EDITO DE LA VOIX DES TRAVAILLEURS

L’Etat ne veut pas réformer hôpital public et SNCF, il veut les détruire en tant que services publics

Démonstration a été faite récemment qu’on peut aisément mourir dans les transports comme à l’hôpital public sans que l’Etat ne nous permette de comprendre véritablement comment ces faits ont pu se produire accidentellement. Les exemples de la SNCF de Brétigny, comme ceux de la mort à la maternité de Port-Royal, de la mort de patients de gériatrie ou de celle des urgences de Cochin sont encore dans toutes les mémoires. Tous ces morts ont servi la campagne contre le service public.
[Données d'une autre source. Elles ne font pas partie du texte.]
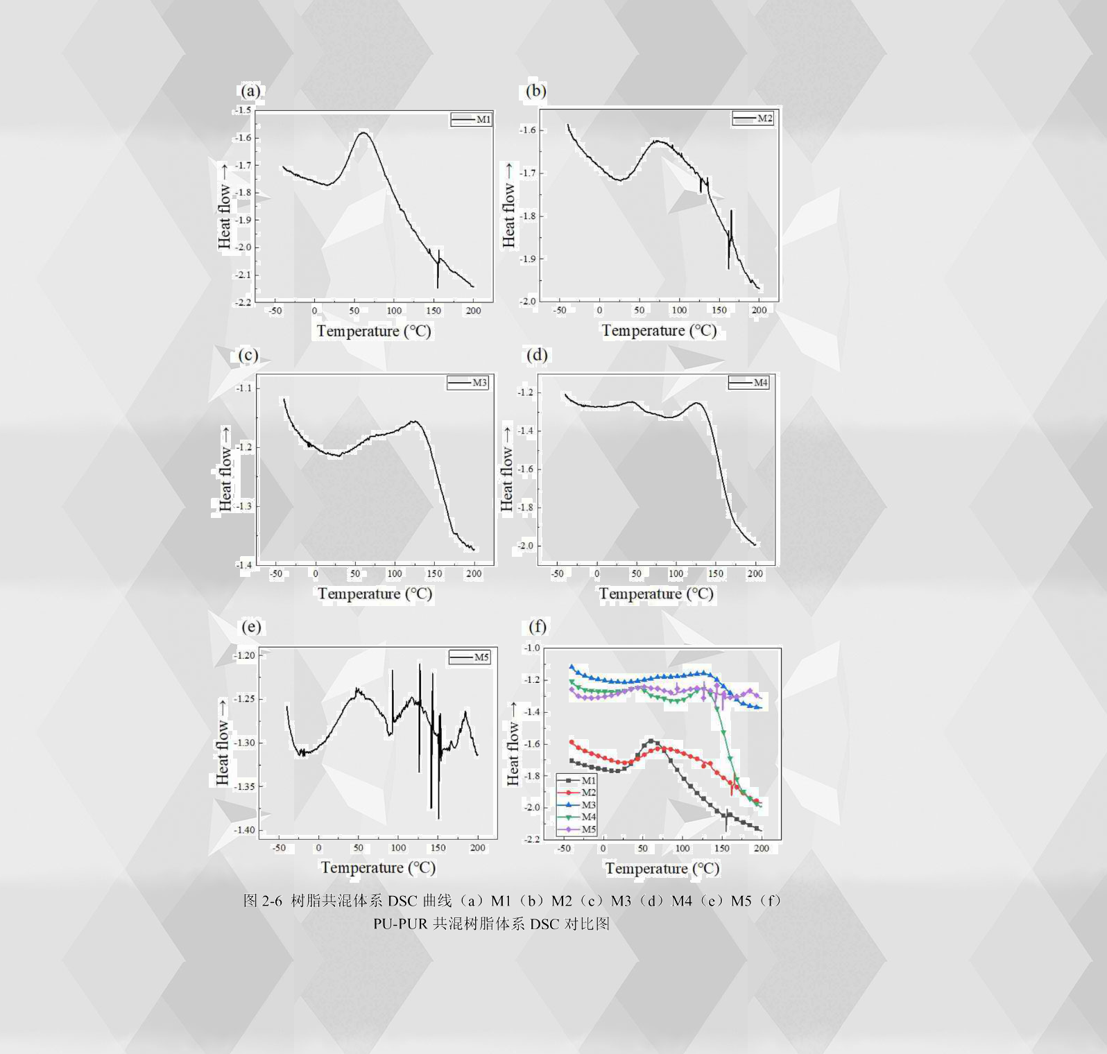 從PU-PUR共混樹脂的DSC曲線對其固化行為進行分析。從M1樹脂的DSC曲線2-6(a)上看到,曲線在35.41-86.16℃之間出現了一個明顯的放熱峰,這就是M1樹脂的固化反應峰,其峰值為59 .66℃。從M2樹脂的DSC曲線2 - 6(b)上看到,曲線在45.16-120.16℃之間出現了一個明顯的放熱峰,這就是M2樹脂的固化反應峰,其峰值為73.66℃。從M3樹脂的DSC曲線2-6(c)上看到,曲線在94.58-138.25℃出現了一個明顯的放熱峰,這就是M3樹脂的固化放熱峰,其峰值為125.08℃。從M4樹脂的DSC曲線2-6(d)上看到,曲線在98.58-140.83℃出現了一個明顯的放熱峰,這就是M4樹脂的固化放熱峰,其峰值為126.16℃。從M5樹脂的DSC曲線2-6(e)上看到,曲線出現了兩個較大的放熱峰,其中第二個較大的放熱峰位于96.50-138.08℃之間,其峰值為116.75℃。通過不同共混樹脂的DSC曲線對比2-6(f)可以看出,聚脲的加入使得共混樹脂放熱峰朝著較高溫度移動,而通過M3、M4樹脂的曲線可以看出,當聚脲含量占到共混樹脂的50%以上時,共混樹脂的固化峰值變化不大。從共混樹脂的DSC曲線和樹脂流變測試結果分析得出,樹脂DSC曲線的峰值和樹脂流變粘度-溫度曲線轉變點的結果大致符合,因此表2-3能夠作為樹脂共混體系的最佳固化溫度和時間使用。

Même si le gouvernement a fait semblant de le défendre mollement, il a eu l’air de couvrir des prétendues responsabilités des agents (ce qui est quasiment une manière de les désigner du doigt comme coupables) puisqu’il n’expliquait PAS quelle politique anti service public avait mené là. Rien d’étonnant, cette politique n’est pas seulement celle de la droite mais c’est celle des classes dirigeantes, et cela ne dépend nullement du changement des équipes gouvernementales. Et quand on ne sait pas ce qui ne va pas aux urgences ou à la maintenance ferroviaire, on va faire vite d’accuser le lampiste !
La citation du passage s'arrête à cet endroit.